DATA TO USE Start Marker

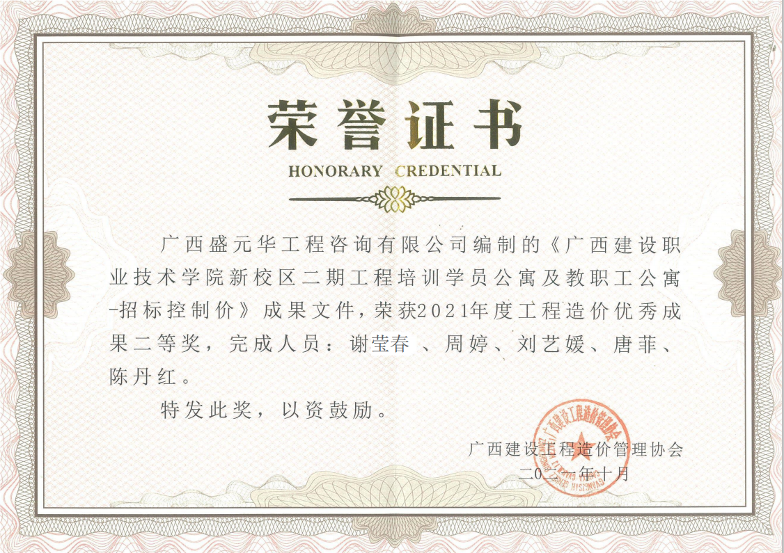 大會(huì)表彰了榮獲2021年度廣西建設(shè)工程造價(jià)優(yōu)秀成果獎(jiǎng)的65家單位,其中我公司編制的《廣西建設(shè)職業(yè)技術(shù)學(xué)院新校區(qū)二期工程培訓(xùn)學(xué)員公寓及教職工公寓——招標(biāo)控制價(jià)》成果文件,榮獲2021年度廣西建設(shè)工程造價(jià)優(yōu)秀成果獎(jiǎng)二等獎(jiǎng)。據(jù)悉,我公司已有多個(gè)項(xiàng)目連年獲得廣西建設(shè)工程造價(jià)優(yōu)秀成果獎(jiǎng)。
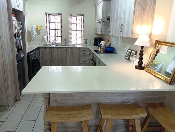- A modern upgraded kitchen with space for two front load appliances, a microwave hub, space for a single-door fridge, glass-top stove, oven, extractor fan, double basin and ample cupboards and drawers.
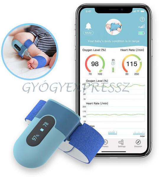 véroxigénszint/pulzust mérő készülék és mozgás érzékelő mért értékek: véroxigénszint, pulzus, mozgás/aktivitás adattovábbítás: Bluetooth LED kijelző memória tárhelye: 40 óra vezérlés: manuális és applikáció segítségével applikáció nyelve: angol visszajelzést ad: igen, diagrammot készít kinek ajánlott?: 0-3 éves korig töltése: adatátviteli kábel - líti
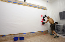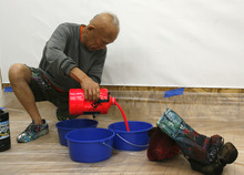 81-year-old old Japanese artist, Ushio Shinohara, pours paint before dipping his boxing gloves, at the Central Utah Art Center, Monday, January 21, 2013. Shinohara, is featured in the Sundance documentary film "Cutie and the Boxer."
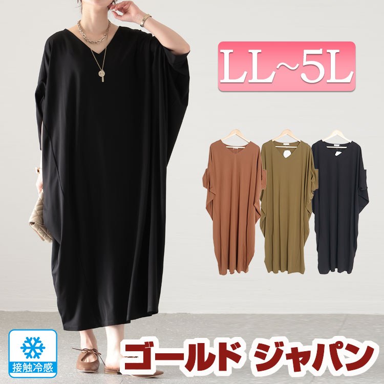 大きいサイズ レディース ワンピース 接触冷感Vネックマキシワンピース ワンピ 半袖ワンピース ロング 半袖 Vネック ドルマン コクーン 接触冷感 冷感 涼しい ドレープ 無地 ストレッチ 春新作
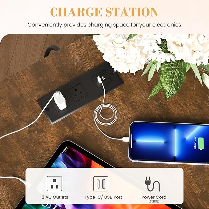 - Built-In Charging Station for Convenience: Stay powered up with the integrated charging hub: 2 AC outlets, 1 USB port and 1 Type C port of bedside table let you charge phones, tablets, lamps, and more simultaneously. Keep cables of small desk tidy and devices of end tables living room within reach—no more scrambling for adapters or sacrificing bedside space to clutter
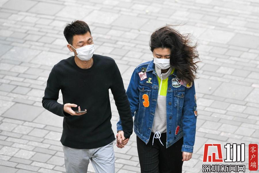 北京八九級(jí)大風(fēng)進(jìn)城,路人頭發(fā)被吹亂。
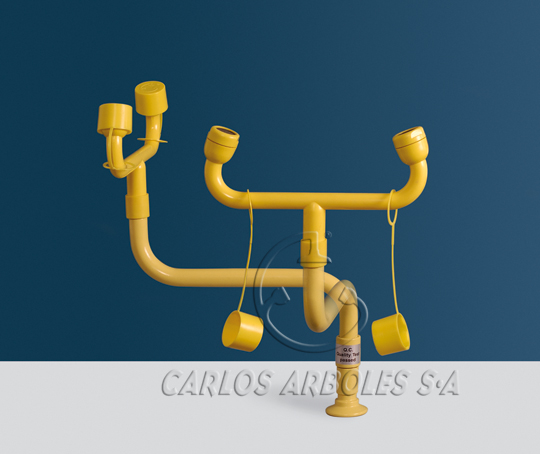 MATERIALS: Eyewash assembly in ABS plastic. Two high-flow aerated water spray at low pressure with automatic opening anti-dust cover.

DATA TO USE End Marker

### DIRECTIONS
All that is needed is an exact copy of the lines from the line with "véroxigénszint/pulzust mérő készülék" through the end of the listing, both ends included, with no pictures.

### OUTPUT OF THE EXERCISE
 véroxigénszint/pulzust mérő készülék és mozgás érzékelő mért értékek: véroxigénszint, pulzus, mozgás/aktivitás adattovábbítás: Bluetooth LED kijelző memória tárhelye: 40 óra vezérlés: manuális és applikáció segítségével applikáció nyelve: angol visszajelzést ad: igen, diagrammot készít kinek ajánlott?: 0-3 éves korig töltése: adatátviteli kábel - líti
 81-year-old old Japanese artist, Ushio Shinohara, pours paint before dipping his boxing gloves, at the Central Utah Art Center, Monday, January 21, 2013. Shinohara, is featured in the Sundance documentary film "Cutie and the Boxer."
 大きいサイズ レディース ワンピース 接触冷感Vネックマキシワンピース ワンピ 半袖ワンピース ロング 半袖 Vネック ドルマン コクーン 接触冷感 冷感 涼しい ドレープ 無地 ストレッチ 春新作
 - Built-In Charging Station for Convenience: Stay powered up with the integrated charging hub: 2 AC outlets, 1 USB port and 1 Type C port of bedside table let you charge phones, tablets, lamps, and more simultaneously. Keep cables of small desk tidy and devices of end tables living room within reach—no more scrambling for adapters or sacrificing bedside space to clutter
 北京八九級(jí)大風(fēng)進(jìn)城,路人頭發(fā)被吹亂。
 MATERIALS: Eyewash assembly in ABS plastic. Two high-flow aerated water spray at low pressure with automatic opening anti-dust cover.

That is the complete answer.